■ **TASK ITEM**:
Give back the lines of the entries below exactly as written, from the first line to the line holding "Sigue las indicaciones", both included, with the pictures omitted.

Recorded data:
● ● ● ● ●

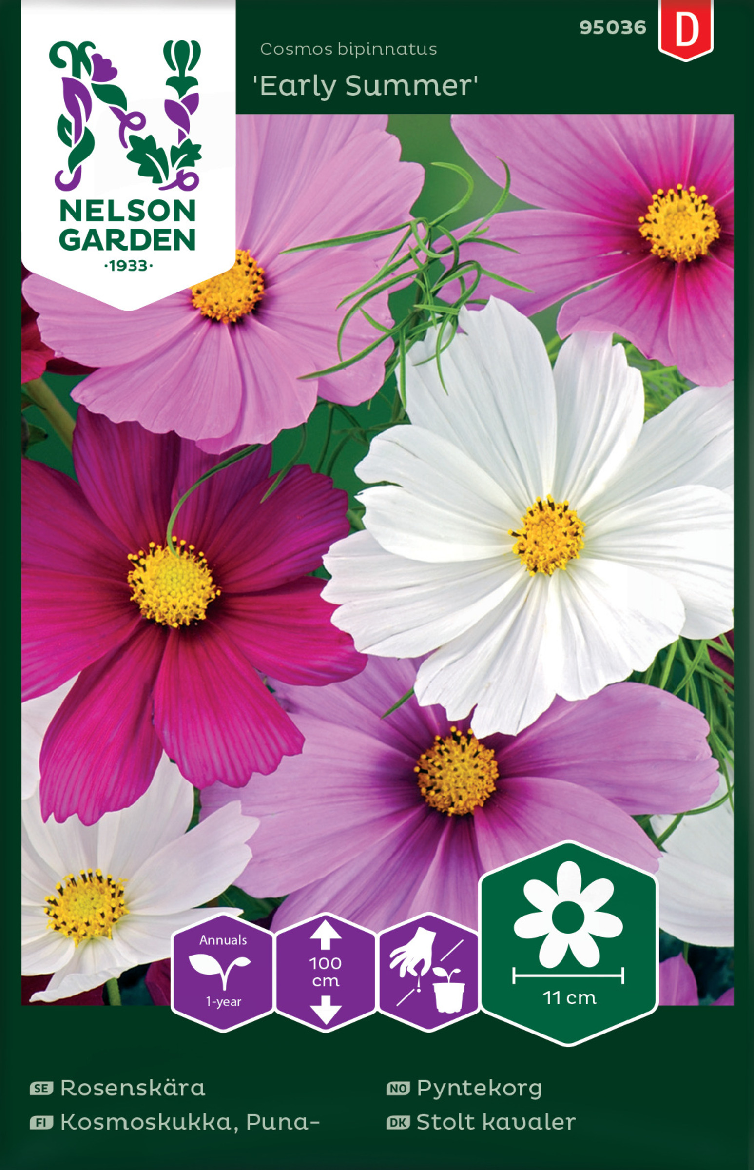 Punakosmoskukka 'Early Summer' on yksivuotinen koristekasvi. Annossiemenpussi. Upea kesäkukka kukkapenkin yhteisistutuksiin sekä myös leikkokukaksi, kestää kauan maljakossa. Värisekoitus... Lue lisää
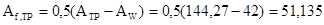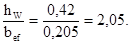 где а=0,5(L-h)=0,5(0,65-0,448)=0,101 м; b=bf =0,42 м.
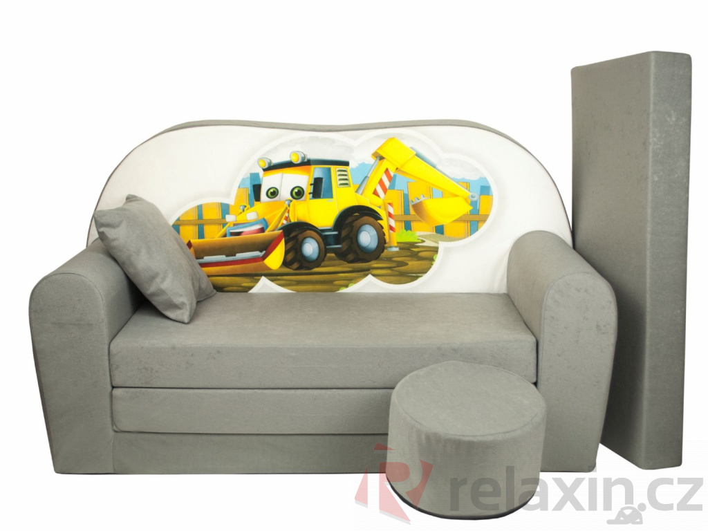 Dětská rozkládací pohovka + taburet Bagr šedá
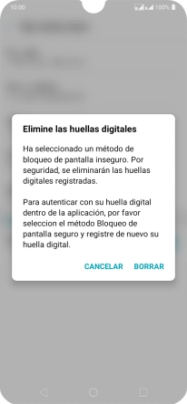 Sigue las indicaciones de la pantalla para crear una huella digital como código de seguridad.
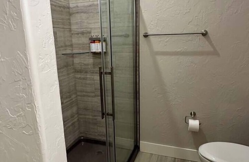 Enjoy easy access to popular shops and restaurants from this charming place to stay. Directly across from the Pioneer Woman Boarding House--step down onto the Historic Pawhuska Main Street to shop to your hearts content, or sit on our patio below the Majestic Osage County Courthouse and sip your iced tea. Please note that from the front entrance, 2 flights of stairs must be climbed. There is also a back entrance that does not require stair climbing. This hotel room has a king bedroom and its own clean full bath with shower. From the front of the building, two flights of stairs must be climbed. There is also a rear entrance that does not require stairs. The Cross Bell Downtown is located in the Pawhuska Historic District and was originally built in the early 1900s. It was an office space above, and a retail space below. We are directly across from the Pioneer Woman Boarding House, and have a prime location to watch the parades and events below on Kihekah from our shared front room. Parking can be obtained both in front of the building and to the rear. If coming in the front door, two flights of stairs will need to be climbed. If entering from the rear of the building on the patio, guests can either access the building from the Historic 6th street staircase to the Osage County Courthouse or come across the driveway behind P-Town Pizza. We recommend that guests that have difficulty walking or climbing stairs enter from the back. We are happy to meet our guests and help transfer luggage from your vehicle to your room.

● ● ● ● ●

■ **RESULT OF THIS TASK**:
 Punakosmoskukka 'Early Summer' on yksivuotinen koristekasvi. Annossiemenpussi. Upea kesäkukka kukkapenkin yhteisistutuksiin sekä myös leikkokukaksi, kestää kauan maljakossa. Värisekoitus... Lue lisää
 где а=0,5(L-h)=0,5(0,65-0,448)=0,101 м; b=bf =0,42 м.
 Dětská rozkládací pohovka + taburet Bagr šedá
 Sigue las indicaciones de la pantalla para crear una huella digital como código de seguridad.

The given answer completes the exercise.